[[ Data, beginning ]]

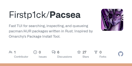 arrow-up118arrow-down1external-linkPacsea - Fast TUI for searching, inspecting, and queueing pacman/AUR packages written in Rustgithub.comcm0002@sh.itjust.works to Linux@programming.dev · 5 months agomessage-square1linkfedilink
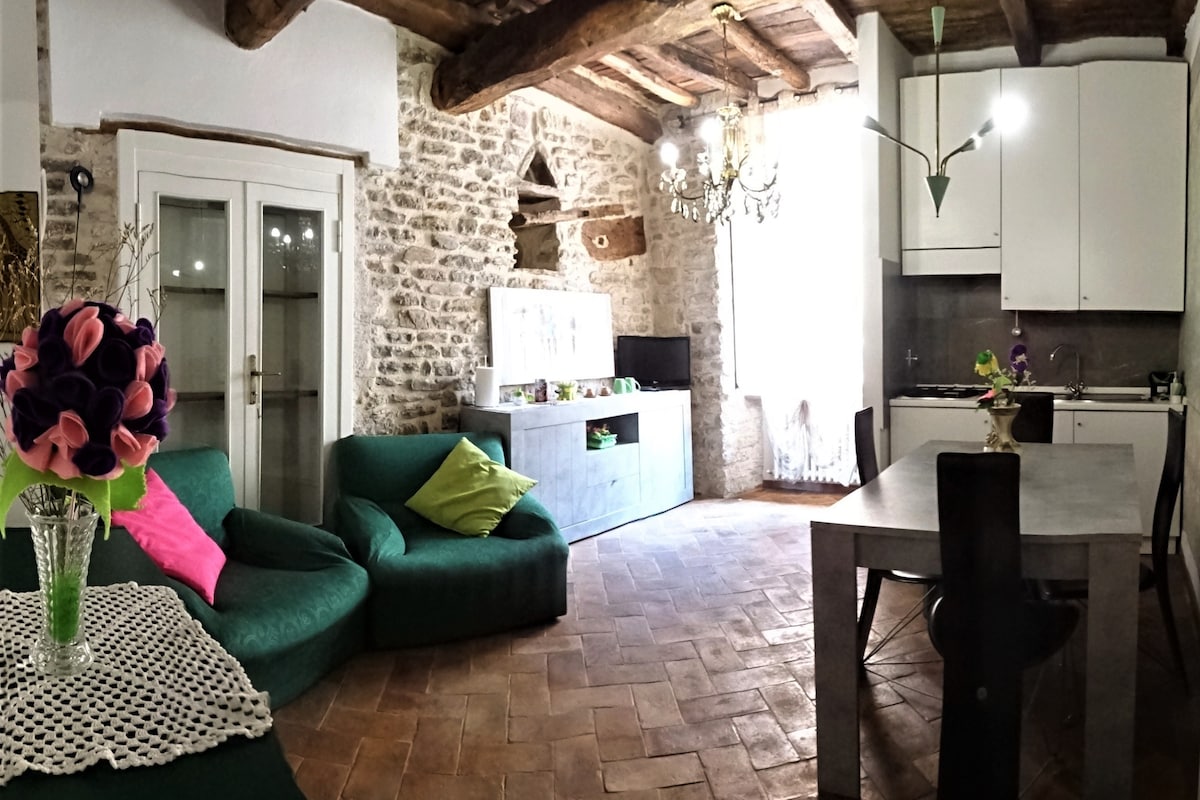 El lloc acollidor està ben situat a pocs passos de la Basílica de San Francesc. Es tracta d'un apartament en un antic habitatge situat a les parets exteriors de la ciutat. Té una vista dels turons d'Assís i dels boscos de San Francesco. L'aparcament gratuït està a 5 minuts a peu i l'aparcament de pagament està a 3 minuts. Un lloc de pau i tranquil·litat al punt més important de la ciutat inserit en l'ambient medieval i el verd del camp d'Umbria.
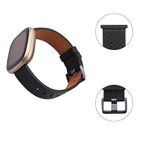 Jennyfly Versa 3 Cinturino in pelle, da donna, uomo, traspirante, cinturino di ricambio con fibbia in metallo regolabile da 14 a 20,6 cm, compatibile con Fitbit Sense/Versa 3, colore: nero
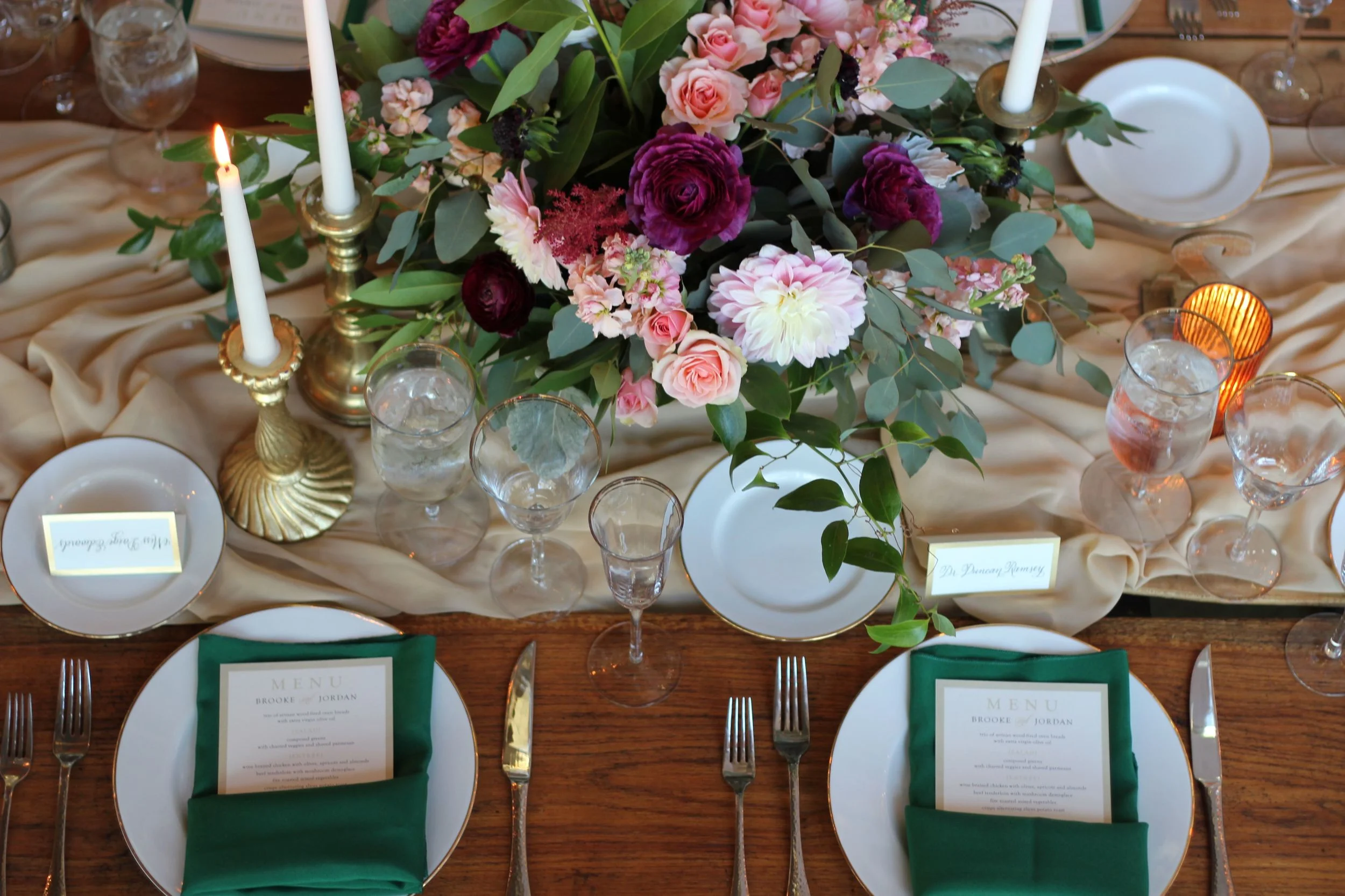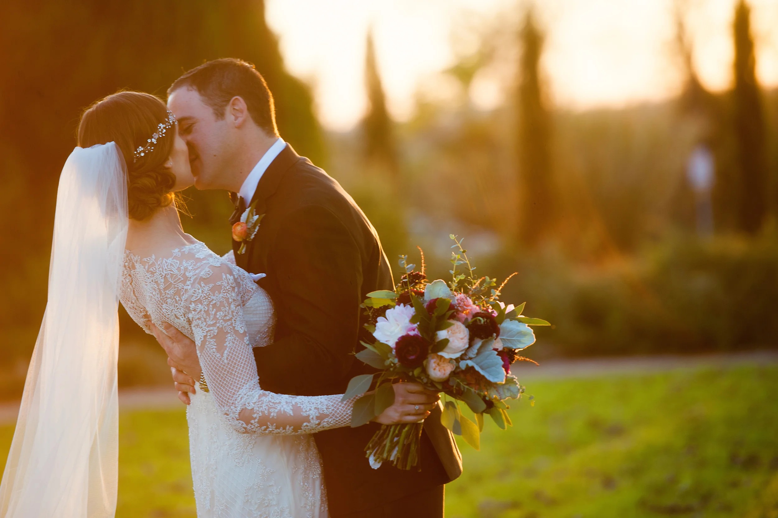 If you could call someone and order the "perfect December day", then this day is what you would get. The sun was shining, the gardens were blooming, the breeze was the perfect temperature, and of course we brought a lot of flowers with us to spice things up a bit. And draping!! We brought a lot of that too. Now, Brooke and Jordan - their story told in flowers...
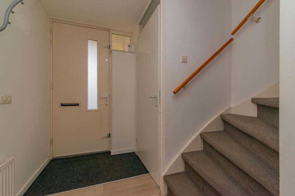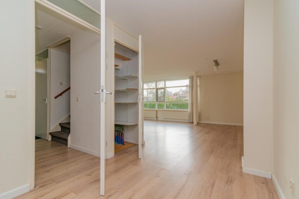 Via grote zijtuin ca. 21,00 x 5,00 met een fraaie groene heg rondom alsmede bomen, entree naar voordeur met luifel op de kopsekant van de woning, centrale hal met meterkast, garderobe en toilet met fontein. Deur naar heerlijk lichte en gezellige L-vormige woonkamer ca. 6,50 x 4,50 met grote raampartij en erker waardoor extra veel lichtinval, vrij uitzicht op plantsoen, diepe vaste kast onder de trap.
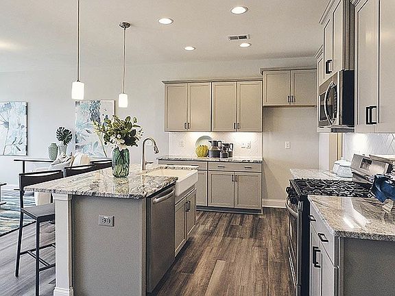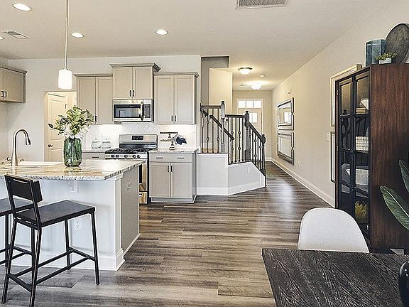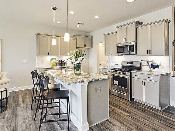 The Lansing- Enter into the foyer from the front porch into the open family room that overlooks into the dining room & kitchen. This home offers beautiful White cabinets, Lyra quartz countertops, artic white tile backsplash & stainless appliances. The Lansing features a center wall staircase and rod iron spindles lead to a large primary bedroom on 2nd floor, primary bath offers 5’ foot shower with linen closet, water closet, dual vanities & large walk in closet. Bedroom 2 & 3 along with laundry room are also on 2nd floor along with full bath. Lots of included features tile floors in bathroom & laundry areas, RevWood flooring throughout the main living areas on the first floor and fully sodded yards! Located within Collins Ridge this community will include many amazing amenities including an outdoor pool, clubhouse with a fitness center, tennis courts, dog park, yoga lawn, a playground and walking trails. Don't forget to ask about our Main Street Stars discount! Call to find out about special promotions. All of our beautiful new homes feature quality materials and workmanship throughout.
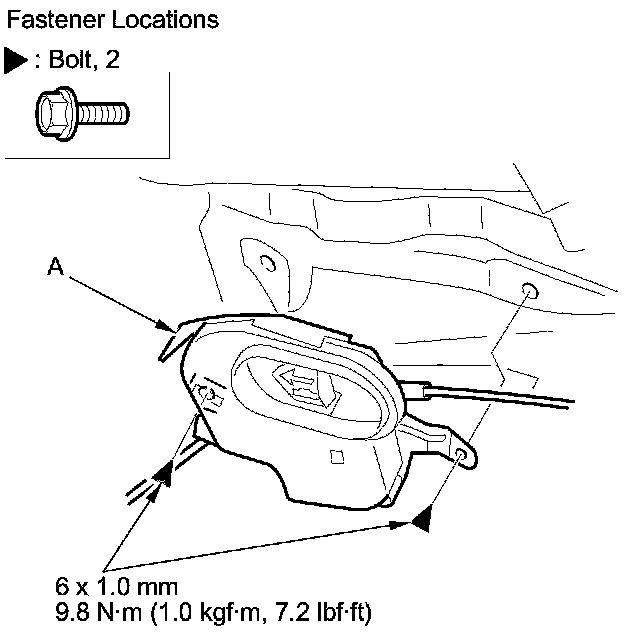2. Remove the bolts, then remove the trunk inside lever (A) from the body.

[[ Data, end ]]

• _What to work on_: Give back each entry exactly as it appears, with no pictures.

• _Solution to the problem_:
 arrow-up118arrow-down1external-linkPacsea - Fast TUI for searching, inspecting, and queueing pacman/AUR packages written in Rustgithub.comcm0002@sh.itjust.works to Linux@programming.dev · 5 months agomessage-square1linkfedilink
 El lloc acollidor està ben situat a pocs passos de la Basílica de San Francesc. Es tracta d'un apartament en un antic habitatge situat a les parets exteriors de la ciutat. Té una vista dels turons d'Assís i dels boscos de San Francesco. L'aparcament gratuït està a 5 minuts a peu i l'aparcament de pagament està a 3 minuts. Un lloc de pau i tranquil·litat al punt més important de la ciutat inserit en l'ambient medieval i el verd del camp d'Umbria.
 Jennyfly Versa 3 Cinturino in pelle, da donna, uomo, traspirante, cinturino di ricambio con fibbia in metallo regolabile da 14 a 20,6 cm, compatibile con Fitbit Sense/Versa 3, colore: nero
 If you could call someone and order the "perfect December day", then this day is what you would get. The sun was shining, the gardens were blooming, the breeze was the perfect temperature, and of course we brought a lot of flowers with us to spice things up a bit. And draping!! We brought a lot of that too. Now, Brooke and Jordan - their story told in flowers...
 Via grote zijtuin ca. 21,00 x 5,00 met een fraaie groene heg rondom alsmede bomen, entree naar voordeur met luifel op de kopsekant van de woning, centrale hal met meterkast, garderobe en toilet met fontein. Deur naar heerlijk lichte en gezellige L-vormige woonkamer ca. 6,50 x 4,50 met grote raampartij en erker waardoor extra veel lichtinval, vrij uitzicht op plantsoen, diepe vaste kast onder de trap.
 The Lansing- Enter into the foyer from the front porch into the open family room that overlooks into the dining room & kitchen. This home offers beautiful White cabinets, Lyra quartz countertops, artic white tile backsplash & stainless appliances. The Lansing features a center wall staircase and rod iron spindles lead to a large primary bedroom on 2nd floor, primary bath offers 5’ foot shower with linen closet, water closet, dual vanities & large walk in closet. Bedroom 2 & 3 along with laundry room are also on 2nd floor along with full bath. Lots of included features tile floors in bathroom & laundry areas, RevWood flooring throughout the main living areas on the first floor and fully sodded yards! Located within Collins Ridge this community will include many amazing amenities including an outdoor pool, clubhouse with a fitness center, tennis courts, dog park, yoga lawn, a playground and walking trails. Don't forget to ask about our Main Street Stars discount! Call to find out about special promotions. All of our beautiful new homes feature quality materials and workmanship throughout.
2. Remove the bolts, then remove the trunk inside lever (A) from the body.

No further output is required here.